Я должна была вскочить и бежать на поиски Катерины. Но в тот миг мне было легче просто смотреть, затаив дыхание, как Ванноцца облизывала француженку, ритмично двигая рукой между ее ногами.

Все это продолжалось какое-то время, потом Ванноцца взяла герцогиню за голые ноги и широко раздвинула их, отчего ступни француженки свесились с кровати. На нее упала чья-то тень, Родриго Борджа на мгновение попал в пятно света и склонился над женщиной. Плаща на нем не было, кардинальской шапочки тоже, черные волосы обрамляли выбритую на макушке тонзуру, белую, словно кость. Ванноцца отодвинулась, Борджа занял ее место и зарылся лицом в темные волосы на лобке француженки.

Я закрыла глаза, чтобы больше ничего не видеть.
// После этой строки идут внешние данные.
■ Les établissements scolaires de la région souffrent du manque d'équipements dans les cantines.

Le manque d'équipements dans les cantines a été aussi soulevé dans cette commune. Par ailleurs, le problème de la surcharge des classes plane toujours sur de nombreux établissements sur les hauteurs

— Катерина, — произнесла я тихо, а хотела прокричать.

Несколько минут я сражалась с апатией и в конце концов сумела сесть на кровати. От этого движения к горлу подступила тошнота, и мне пришлось замереть, дожидаясь, пока приступ пройдет. Тем временем стоны, несущиеся с соседней кровати, превратились в крики и в одинокий, протяжный рык наслаждения.

Когда я подняла голову, надо мной возвышалась улыбающаяся Ванноцца.
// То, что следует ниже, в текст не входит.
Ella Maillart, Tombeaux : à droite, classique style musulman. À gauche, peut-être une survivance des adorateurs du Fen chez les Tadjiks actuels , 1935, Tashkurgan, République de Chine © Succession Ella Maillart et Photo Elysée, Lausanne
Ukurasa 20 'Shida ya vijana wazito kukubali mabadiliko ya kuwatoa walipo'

— Мадонна, вам дурно? — нежно спросила она, опустила полотенце в золотую чашу, стоявшую на столе, выжала и приложила мне ко лбу.
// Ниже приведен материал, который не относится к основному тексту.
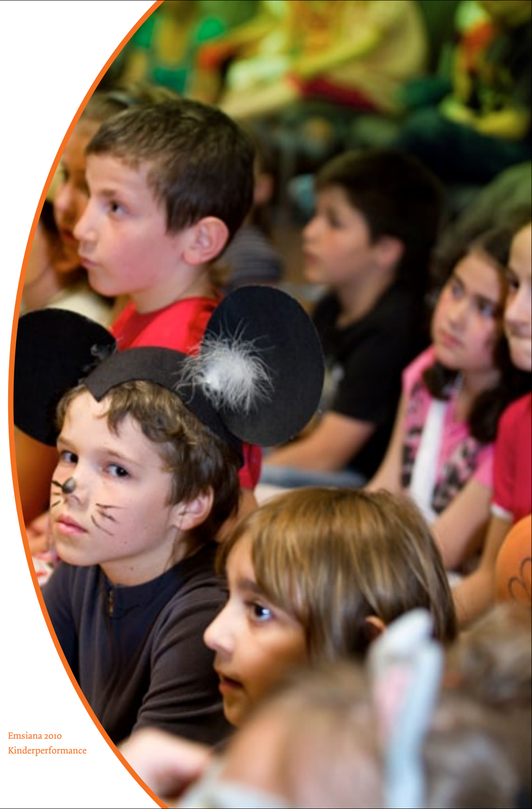
Emsiana 2010 Kinderperformance

Прохладная вода принесла некоторое облегчение, но я отстранилась от Ванноццы и пробормотала:

— Я должна идти. Где Катерина?

Она как-то безжизненно, вяло рассмеялась и сказала:

— Вам надо успокоиться, мадонна, и отдохнуть. Поспите. Я вам помогу… — Ваноцца взяла меня за плечи пухлыми пальцами, собираясь снова уложить на подушку.

Я не поддалась и заявила:

— Нет.

Ванноцца исчезла. Я собралась с силами, чтобы встать, но не успела шевельнуться, как на мою кровать упала чья-то тень. Родриго Борджа, держа в руке измятое оплечье, бочком присел рядом со мной. На его лице играла похотливая улыбка, губы и подбородок блестели от слюны. Он был совершенно трезв, на него не подействовал ни алкоголь, ни таинственное снадобье из золотого кувшина.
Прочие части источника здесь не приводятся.